**Supplied information**
= = = = = = =
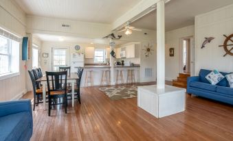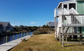This large Ocracoke home offers wonderful accommodations for a large family. Enjoy the convenience of two separate kitchens and living areas. Take in the views of either the backyard canal with boat dockage or Pamlico Sound views across the street. The screened porches and decks provide relaxation in a comfortable outdoor setting.
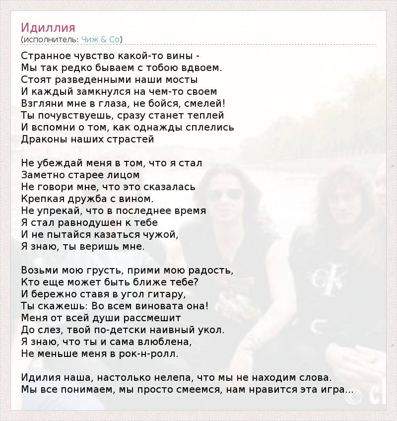 Это интересно:Лидер группы и автор почти всех песен, Сергей 'Чиж' Чиграков, родился 6 февраля 1961 в городе Дзержинске. С 14 лет он вместе со своим старшим братом играет в местных ансамблях, иногда подменяя кого-нибудь из музыкантов. Там же оканчивает музыкальную школу и училище. Настоящим "взрослым" опытом стала для него работа в дзержинской группе "ГПД" ("Группа Продлённого Дня"). Группа... продолжение
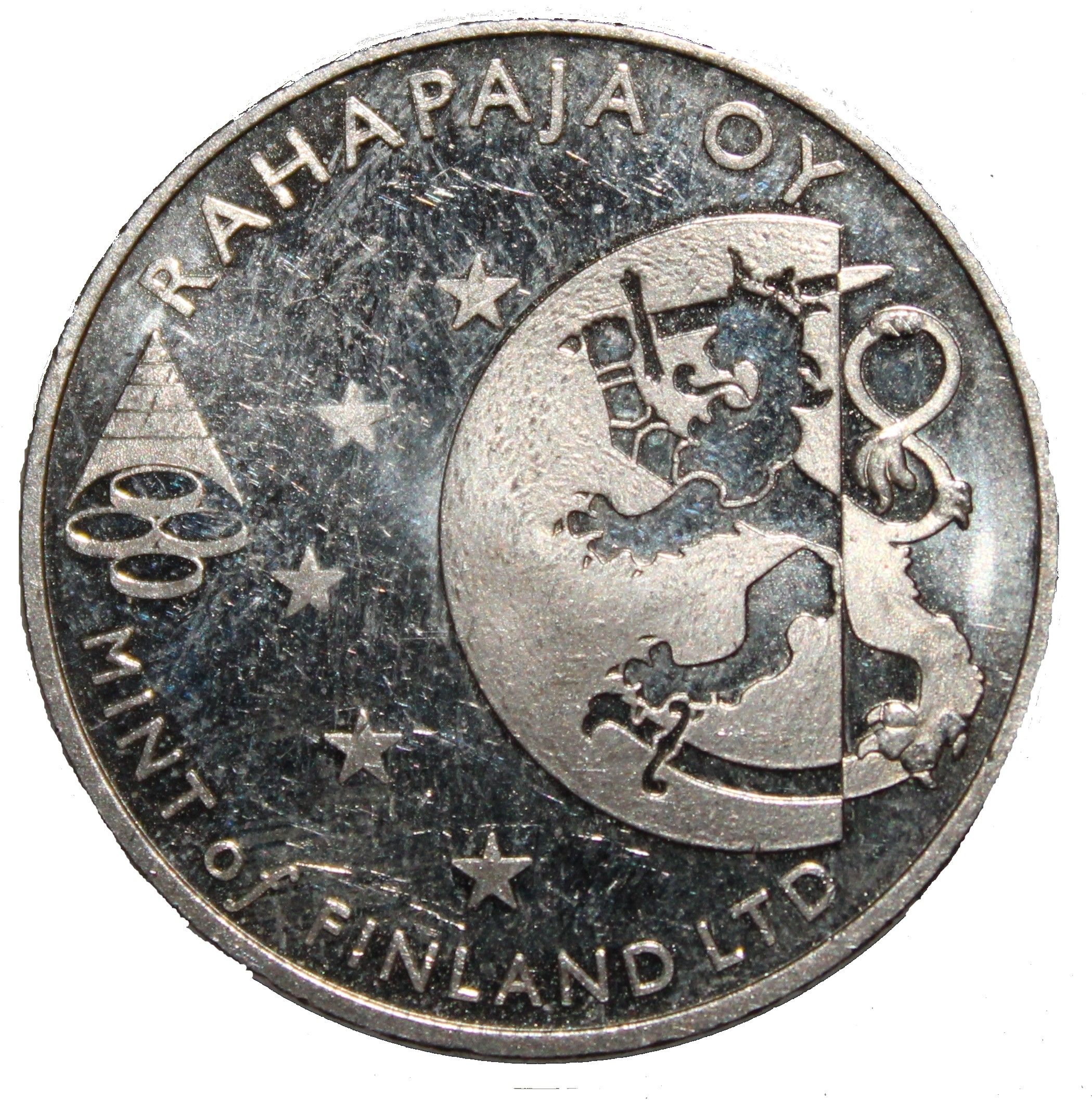 Опис: Фінський лев, частково вписаний у півмісяць, оточений 5 зірками, символом Банку Фінляндії, периферійний текст
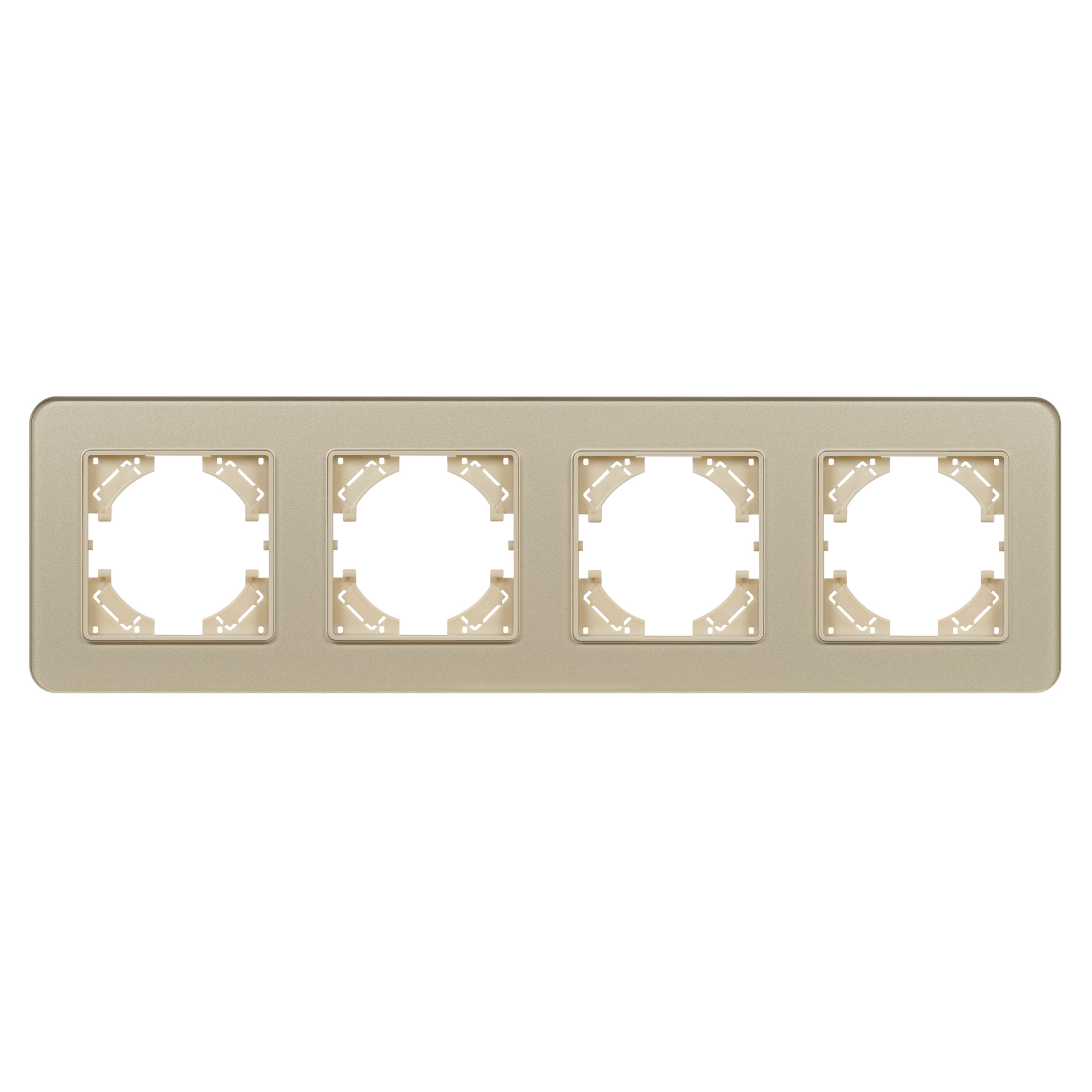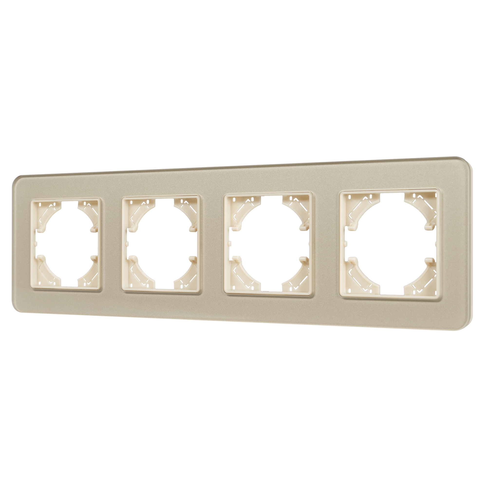 Рамка стеклянная на 4 поста, под встраиваемый механизм. Цвет - золотой. Уровень герметичности IP20. Ориентация монтажа - горизонтальная (основным ориентиром служат посадочные выступы для накладки механизма). Габаритные размеры: длина 299 мм, ширина 86 мм, высота 7 мм. Гарантийный срок 12 мес.
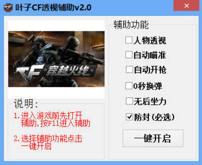 叶子cf透视辅助是一款功能全面的CF游戏辅助,主要为用户提供了人物透视、自动瞄准、自动开枪、零秒换弹等实用功能,需要的朋友可以下载使用。
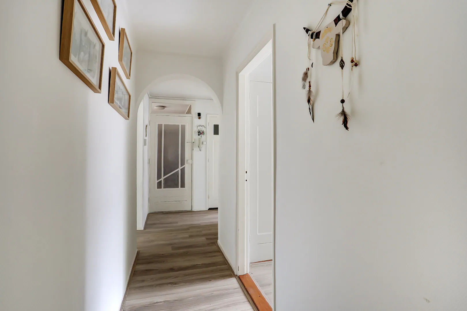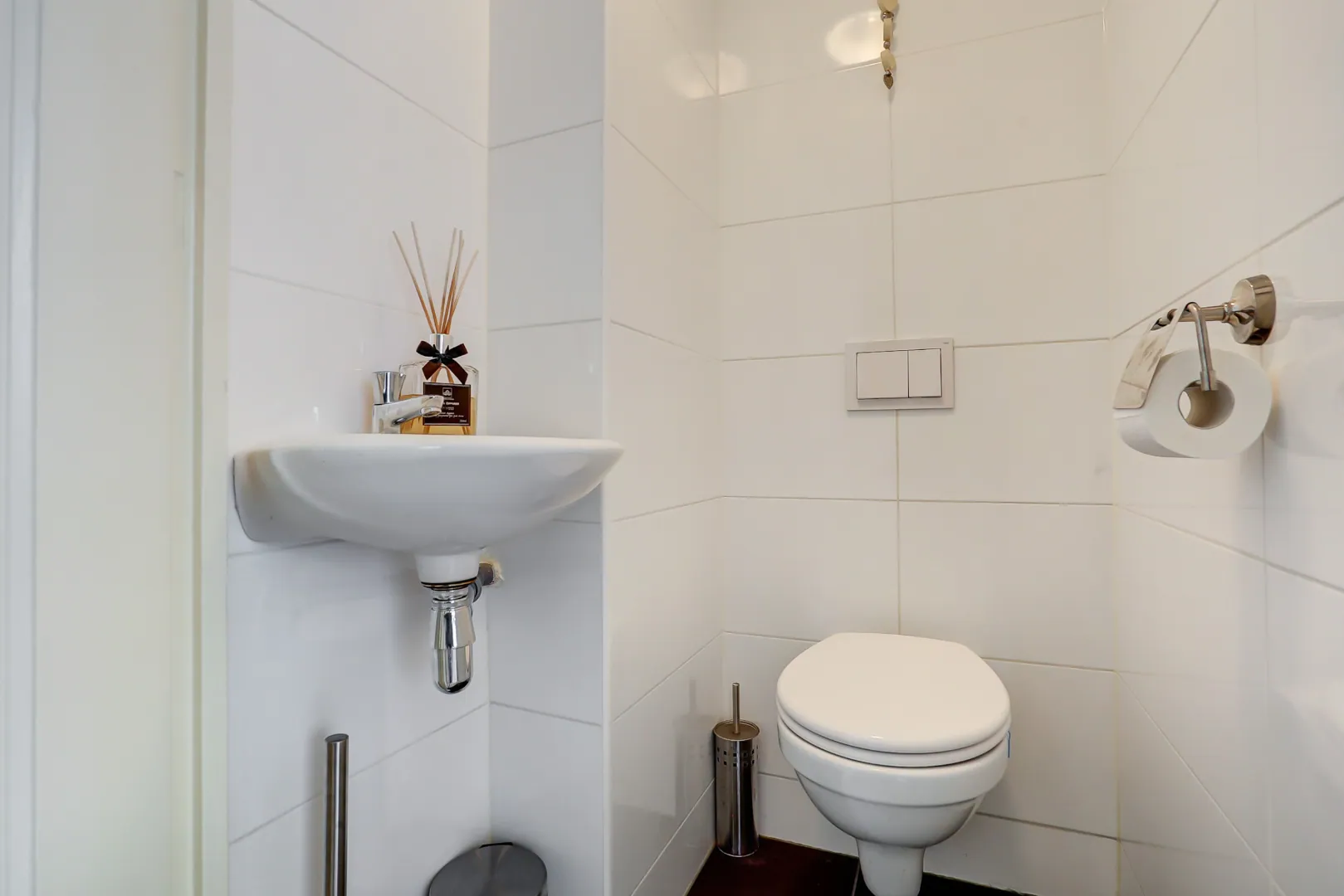 De hal van het appartement geeft toegang tot 2 vaste kasten, met in één daarvan de C.V.-ketel (HR combiketel uit 2016). HEt gehele appartement is voorzien van eenzelfde, fraaie laminaatvloer. De toiletruimte is voorzien van een zwevend toilet met fonteintje.
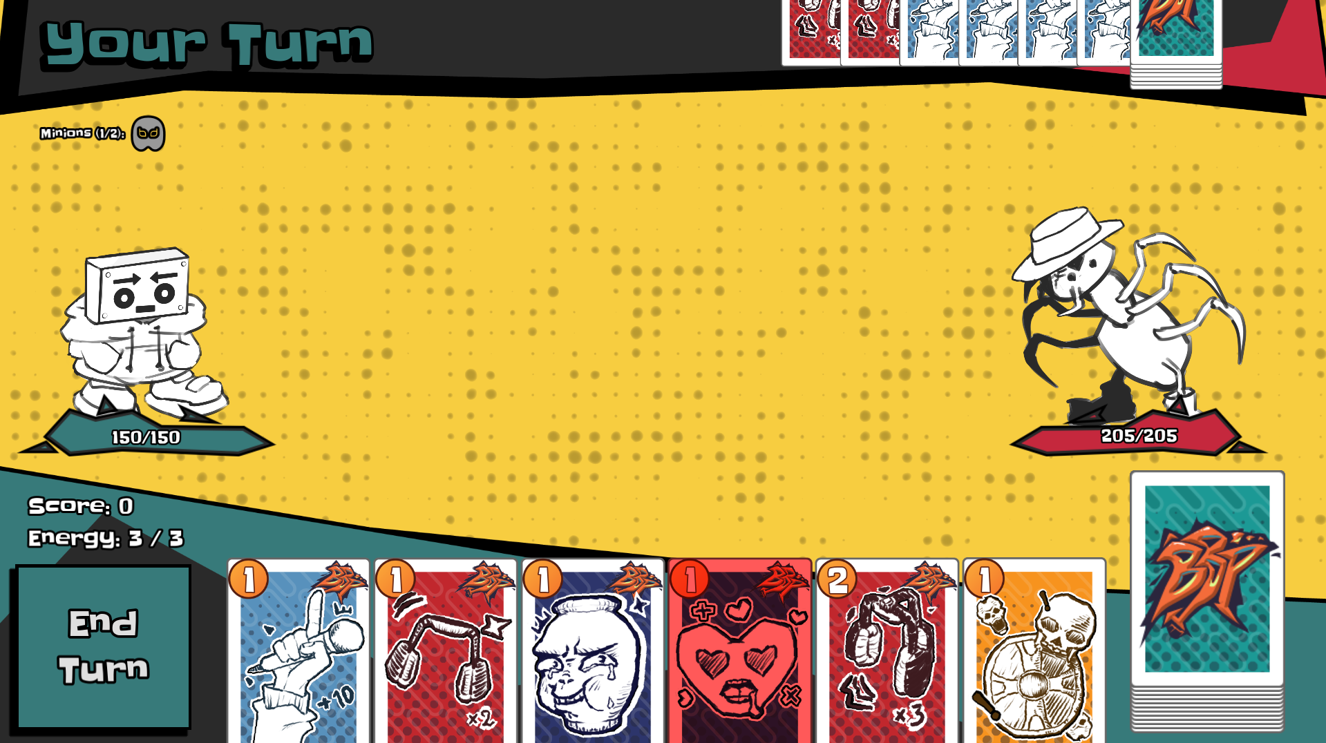 Very stylish game, the visuals and the music fit very well together. There were also a surprising number of features you could fit into it, including the minions (loved that). For the most parts, the controls also had a nice and easy flow, but the card placement felt a bit weird, because it seemed to always place the next card into the middle, which was unintuitive when I was working on a combo.
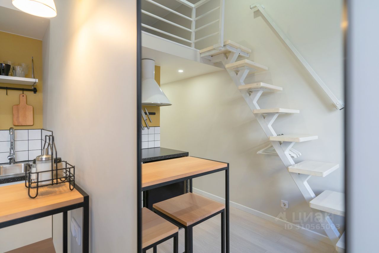 Небольшая, но уютная студия, есть все необходимое для комфортного пребывания на пару дней или на длительный период. Спальное место на втором этаже. Комфортная ванная с душем.
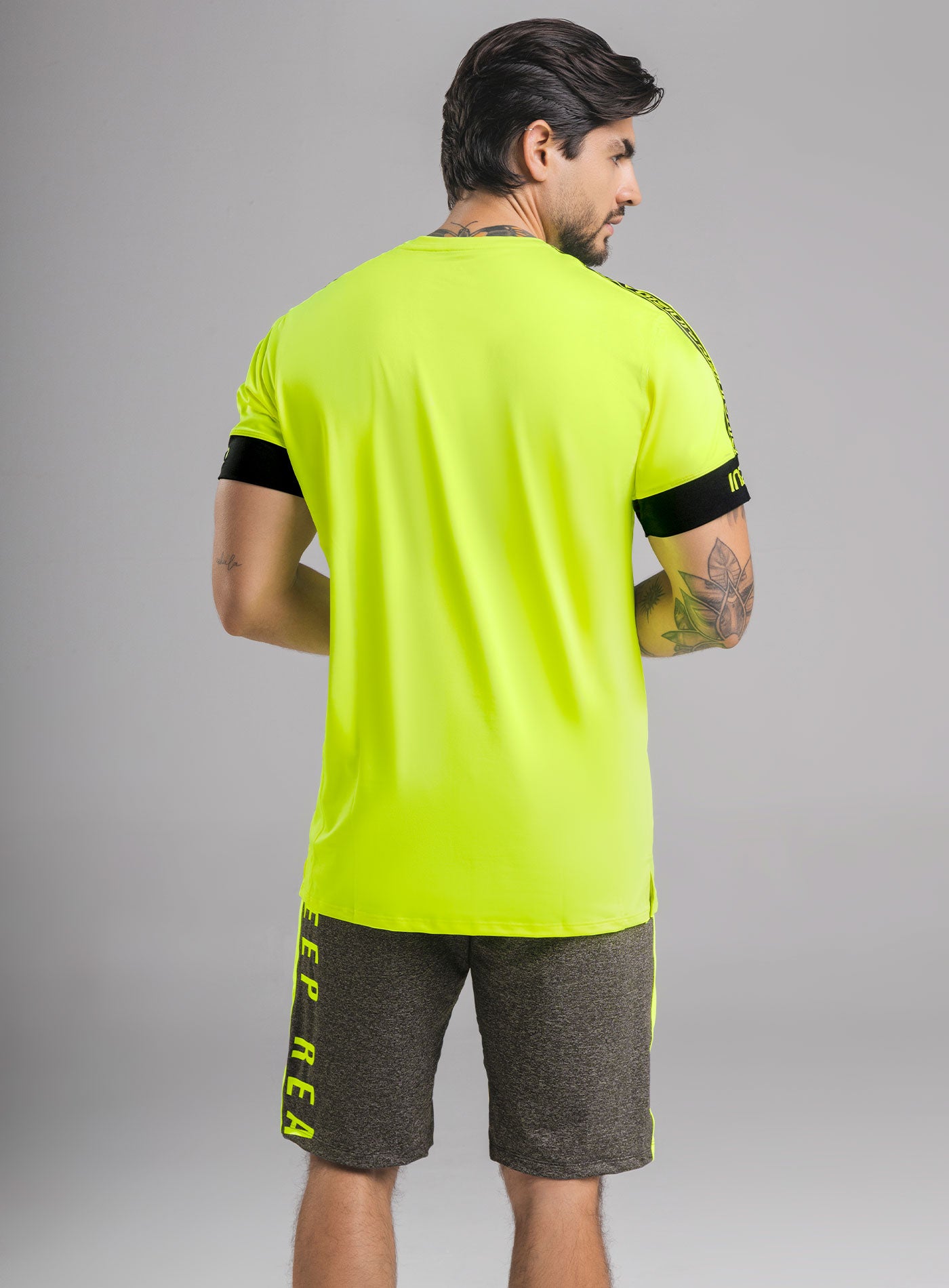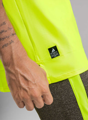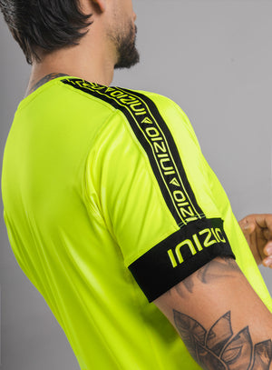 CAMISETA DEPORTIVA HOMBRE CON ESTAMPADO EN HOMBROS Y MANGA, Eleva tu estilo y rendimiento con esta llamativa camiseta deportiva de hombre en color amarillo neón. Diseñada para un entrenamiento dinámico, esta prenda destaca por sus modernos cortes en contraste y detalles gráficos únicos.
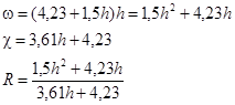 Определение размеров поперечного сечения сводится к определению ширины по дну и глубины наполнения по заданным параметрам (расход Q, уклон i, коэффициенты шероховатости n и заложения откосов m). При расчетах используется рациональное соотношение β между шириной канала по дну и глубиной наполнения.
= = = = = = =
Copy the lines above exactly, starting at the one with "Это интересно:Лидер группы" and ending at the one with "De hal van het", both included. Leave out any pictures and add nothing else.

**Task answer**
 Это интересно:Лидер группы и автор почти всех песен, Сергей 'Чиж' Чиграков, родился 6 февраля 1961 в городе Дзержинске. С 14 лет он вместе со своим старшим братом играет в местных ансамблях, иногда подменяя кого-нибудь из музыкантов. Там же оканчивает музыкальную школу и училище. Настоящим "взрослым" опытом стала для него работа в дзержинской группе "ГПД" ("Группа Продлённого Дня"). Группа... продолжение
 Опис: Фінський лев, частково вписаний у півмісяць, оточений 5 зірками, символом Банку Фінляндії, периферійний текст
 Рамка стеклянная на 4 поста, под встраиваемый механизм. Цвет - золотой. Уровень герметичности IP20. Ориентация монтажа - горизонтальная (основным ориентиром служат посадочные выступы для накладки механизма). Габаритные размеры: длина 299 мм, ширина 86 мм, высота 7 мм. Гарантийный срок 12 мес.
 叶子cf透视辅助是一款功能全面的CF游戏辅助,主要为用户提供了人物透视、自动瞄准、自动开枪、零秒换弹等实用功能,需要的朋友可以下载使用。
 De hal van het appartement geeft toegang tot 2 vaste kasten, met in één daarvan de C.V.-ketel (HR combiketel uit 2016). HEt gehele appartement is voorzien van eenzelfde, fraaie laminaatvloer. De toiletruimte is voorzien van een zwevend toilet met fonteintje.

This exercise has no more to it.